Keywords: Antibiotics, Stewardship, Hospitals, Measurement, Korea
Antimicrobial resistance is one of the greatest threats to public health.
1 It diminishes the effectiveness of antimicrobials to infectious diseases, leading to increased mortality, prolonged hospitalization, and increased medical costs.
2 Unfortunately, Korea shows higher antimicrobial consumption rates among countries participating in the Organization for Economic Cooperation and Development countries.
3 To promote the proper use of antibiotics, several antimicrobial stewardship programs have been implemented by the government over the last decade in Korea.
4 Despite these government-led efforts, antibiotic consumption, especially for broad-spectrum antibiotics, have continued to increase.
5
Considering the lack of progress in reducing antibiotic consumption, we suspect efforts to improve awareness of antibiotics and to promote voluntary participation in antimicrobial stewardship programs at the individual hospital level may prove more beneficial. Interestingly, providing antibiotic consumption numbers for comparison among individual hospital has been found to be an effective strategy through which to promote antimicrobial stewardship.

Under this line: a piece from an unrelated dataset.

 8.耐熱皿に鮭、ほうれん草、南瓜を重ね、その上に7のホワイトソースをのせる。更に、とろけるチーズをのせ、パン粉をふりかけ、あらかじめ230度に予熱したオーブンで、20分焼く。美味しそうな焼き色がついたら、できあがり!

6 Accordingly, the Centers for Disease Control and Prevention (CDC) operates the National Healthcare Safety Network (NHSN) and seeks to help individual hospitals analyze data on hospital-wide antibiotic use and to compare one's data to national benchmarks.
7
In 2019, the Korean CDC initiated a project to develop a system for measuring and comparing antibiotic usage rates in hospitals in Korea. As a part of this project, the Korean Society of Infectious Diseases has begun to work in cooperation with the Korean Society for Antimicrobial Therapy and the Health Insurance Review & Assessment Service (HIRA) to develop a means with which to classify antibiotic usage in Korean hospitals using a modified Delphi method.

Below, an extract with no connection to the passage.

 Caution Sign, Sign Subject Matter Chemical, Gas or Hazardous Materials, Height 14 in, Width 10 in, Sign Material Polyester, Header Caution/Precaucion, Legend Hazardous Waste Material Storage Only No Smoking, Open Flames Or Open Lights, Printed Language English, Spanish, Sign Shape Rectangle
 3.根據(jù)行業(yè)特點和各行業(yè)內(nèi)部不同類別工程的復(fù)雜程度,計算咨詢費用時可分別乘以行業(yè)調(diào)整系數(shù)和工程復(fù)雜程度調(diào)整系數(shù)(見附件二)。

To do so, two series of modified Delphi studies were performed from July to August 2019. The first series sought to classify antibiotics used in Korean hospitals; the second was conducted to analyze antibiotic components according to antibiotic classes. Each Delphi study included two rounds of surveys in order to gather opinions and to refine the information related to each.
The questions for the survey in the first round were adopted from the antibiotic classification of the NHSN.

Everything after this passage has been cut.